Я застучал кулаком по толстым доскам. Дверь открылась сразу же. За стражниками стоял сам Директор, увидев свободные руки, гаркнул:
— Кто его развязал?
— Так он уже из вашего кабинета вышел без веревок, — доложил капрал бульдог. — Мы думали, ваша милость сами…
— Дурни! Обыскать его! Нож ищите! Или кто-то из вас его развязал? За кость готовы кого угодно продать…
Бросились на меня с лапищами, сопели, старательно обнюхивали. Бедный Мышик! Учуют тебя и схватят, подумал я с отчаянием.
К счастью, кроме обрывков веревки и скомканного носового платка в кармане, ничего не нашли. Директор хмуро и с презрением махнул рукой:
— Ерунда… Где нож?
Обыскали всю камеру. На след Мышика не напали, я вздохнул с облегчением.

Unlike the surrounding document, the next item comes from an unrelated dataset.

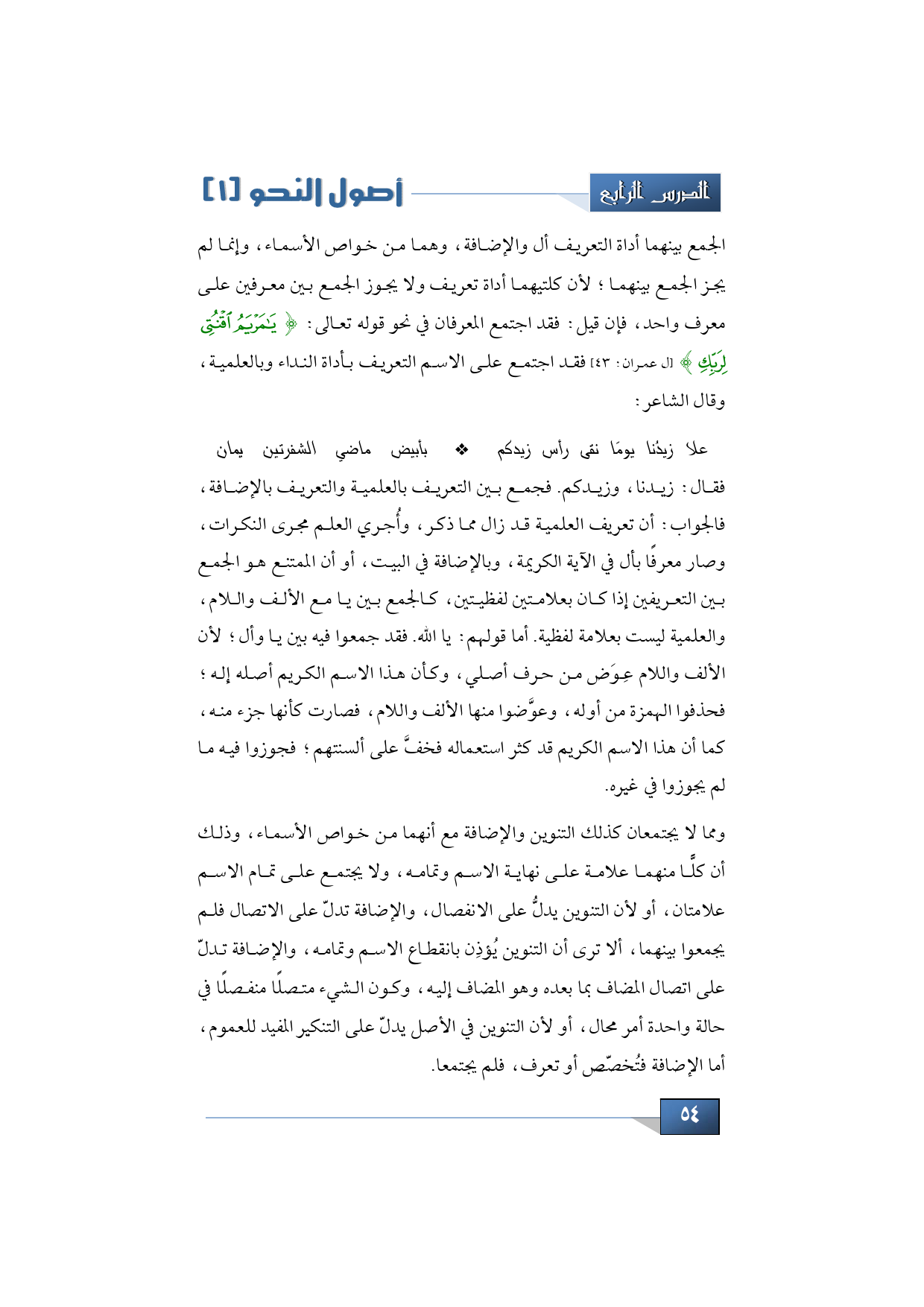 فقال: زيدنا، وزيدكم. فجمع بين التعريف بالعلمية والتعريف بالإضافة، فالجواب: أن تعريف العلمية قد زال مما ذكر، وأُجري العلم مجرى النكرات، وصار معرفًا بأل في الآية الكريمة، وبالإضافة في البيت، أو أن الممتنع هو الجمع بين التعريفين إذا كان بعلامتين لفظيتين، كالجمع بين يا مع الألف واللام، والعلمية ليست بعلامة لفظية. أما قولهم: يا الله. فقد جمعوا فيه بين يا وأل؛ لأن الألف واللام عِوَض من حرف أصلي، وكأن هذا الاسم الكريم أصله إله؛ فحذفوا الهمزة من أوله، وعوَّضوا منها الألف واللام، فصارت كأنها جزء منه، كما أن هذا الاسم الكريم قد كثر استعماله فخفَّ على ألسنتهم؛ فجوزوا فيه ما لم يجوزوا في غيره.

Мышик исчез.
— Кто тебя освободил? — строго спросил Директор.
— Откуда же мне знать? У меня на затылке глаз нету, а тот стоял за моей спиной.
— А ты и не поблагодарил? И не обернулся?
— Оглянулся, да тут столько всяких мундиров! — Я постарался заронить беспокойство: мол, и среди стражей могут сыскаться сообщники.
— В камеру! — приказал Директор.
Меня тотчас же толкнули за порог, и тяжелая дубовая дверь отгородила меня от бела света. Я припал ухом к двери: стражи ссорились — делили между собой обрывки веревки.
— Мышик! Вылезай, уже можно, — звал я его нежным шепотом. — Где же ты спрятался?
Было так тихо, что я слышал стук собственного сердца и поскрипывание жучка, точившего старые нары. Наш удалец каким-то чудом выскользнул из камеры. Низко повешенная лампа бросала желтый свет, я раскрыл Книгу и по свежим впечатлениям описал все последние происшествия, что вы сейчас и прочли, Мои Дорогие.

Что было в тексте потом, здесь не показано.